Here come the 'Bride,' all messed up inside

 "The German Bride" by Joanna Hershon (320 pages, Ballantine)

  Rising from her makeshift bed in a porcelain bathtub, Eva Frank pulls aside the flap at the back of the covered wagon to find her husband and guide sleeping among the bodies of three slaughtered men: two scalped, one burned alive.
 
 To escape Comanches the night before, her party had driven into the night, unwittingly choosing this part of the otherwise pristine prairie as its resting spot.
 
 The scene is typical of Joanna Hershon’s third novel, "The German Bride," in which violence bulldozes its way through scenes of poignant beauty.
 
 The episode opens Eva’s eyes to the seriousness of her decision to leave her comfortable home in Berlin for the wild New World. During the rest of the trip on the Santa Fe Trail, fear blinds her to the splendor of the West, and eats away at her peace of mind.
 
 At its core, "The German Bride" is about one woman’s fight to reconcile her scandalous past and escape her guilt. But on a larger scale, the novel successfully conveys the trials of German Jewish immigrants who, in the 19th century, forwent the bustle of New York City, choosing instead to travel westward to Santa Fe.
 
 Eva is the youngest daughter of a wealthy Jewish banker. Her tranquil life in Berlin disintegrates when she falls in love with Heinrich, a non-Jewish artist commissioned to paint the portraits of her and her sister, Henriette.
 
 They begin having an affair, which continues undiscovered for some time until Henriette — married and pregnant — discovers the interfaith lovebirds. The shock induces her to go into premature labor. Before sunrise she and her infant are dead.
 
 Feeling responsible for her sister’s death, Eva decides she must leave Berlin in order to overcome her crippling guilt. She accepts the marriage proposal of Abraham Shein, an ambitious merchant who runs a company in Santa Fe with his brother and, after 10 years abroad, had returned to Germany in search of a wife.
 
 They cross the Atlantic by boat, pass through New York, take a train to St. Louis and board a ferry that deposits them on the Santa Fe Trail. The rest of their journey through this alien land is made in two rickety wagons, with a lone guide to accompany them.
 
 Life in Santa Fe is rife with contradiction and contrast. It is the formal dining room table set on Eva and Abraham’s dirt floor. It is practicing Jewish ritual in lawless Santa Fe. It is the absurdity of seeking dignity and routine in a town where donkeys wander aimlessly, trailing stench behind them.
 
 Eva’s new life toughens her, but her guilt over Henriette’s death stunts her relationships with others.
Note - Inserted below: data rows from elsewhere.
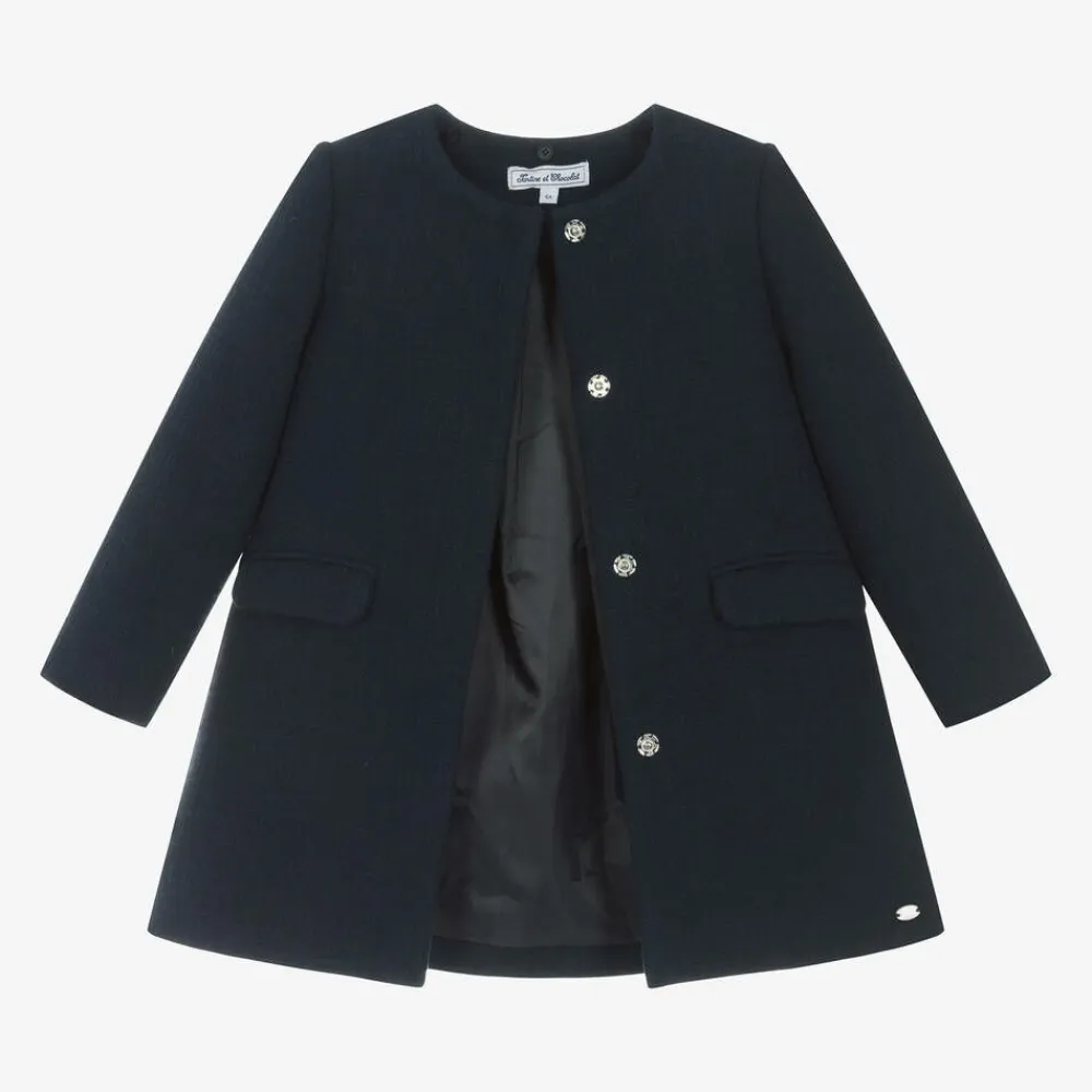 Tartine et Chocolat Coats & Jackets*Girls Navy Blue Collared Coat
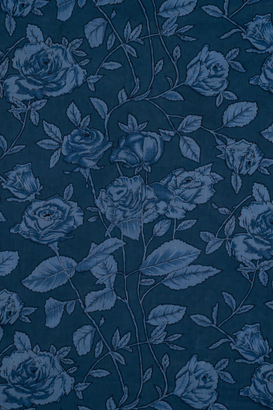 Light Blue Vintage Floral Printed Pure Cotton Fabric
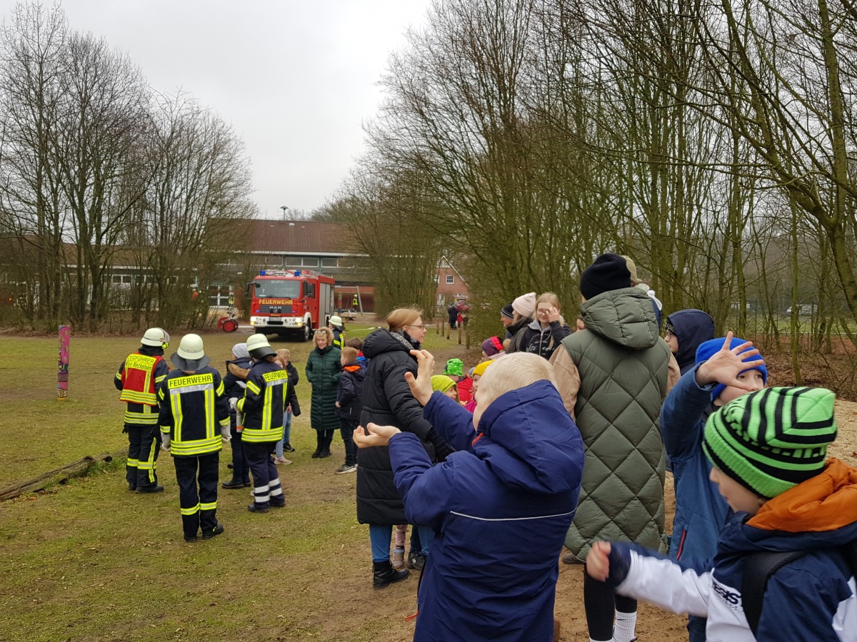 Und schon bald tauchten die ersten von vielen Feuerwehrwagen und Feuerwehrfrauen und -männer in voller Montur und Ausrüstung auf! Einige Kinder zeigten sofort auf ihre Väter, die dazugehörten. Viele Feuerwehrleute stammen aus den Wehren der benachbarten Orte. Alle waren sie genau im Kontakt miteinander - aber auch mit den Klassen! Diese wurden über die Situation informiert und gefragt, ob es ihnen gut ginge.
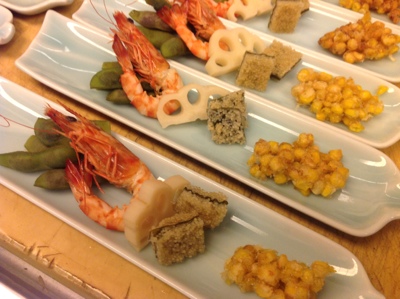 先付け 「寿限無」 八寸風 黒豆の枝豆 海老の艶煮 子持ち昆布のおひたし 酢蓮根 玉蜀黍のかき揚げ
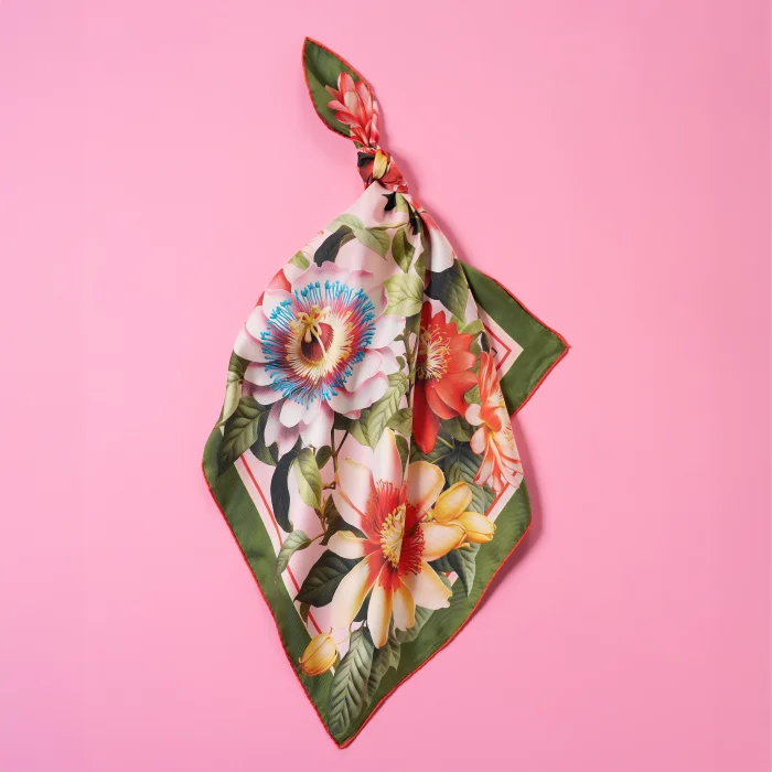 Material: 100% Twill Silk (14 mm) Edge Workmanship: Carefully hand-sewn by artisans. Pattern: Floral Size: 65x65 cm Usage: You can use it as a neck scarf, hair accessory, belt, bag or shoulder accessory.

She shuts herself off from the intimacy of the life she left behind.
 
 The suffering in "The German Bride" can be frustrating. The endless stink of Santa Fe permeates everything: homes, beds, behaviors. One feels compelled to grab Eva by the shoulders and shake her out of her listless stupor.
 
 Her husband makes her life no easier. Alcohol fuels Abraham’s gambling habits and adulterous tendencies, and he buries himself under a growing mountain of debt. In turn, he consistently reneges on his promises to Eva.
 
 Hershon’s lyrical, assured prose raises the book from the ranks of pedestrian literature to something more profound.
 
 She writes, "The last living rose of this terrible hot summer dropped so low to the ground that Eva almost took it upon herself to chop off its withering head."
 
 Too morbid for beach reading? Perhaps. But the writing is visceral and sharp, whimsical and imaginative. It brings us back in time to another world.
 
 Though the relationships and themes are wearisome, Hershon captures the uncertainty and complexity that mark any marriage, and explores the blurry fog of emotion behind all relationships. She paints characters that are as human as the landscape is wild.
 
 The result is oddly comforting.
 
 Hershon truly understands the inner-workings of the human mind and heart. She handles her characters’ humanity with rare empathy, and withholds judgment, leaving that task to the reader — if he or she so chooses to indulge.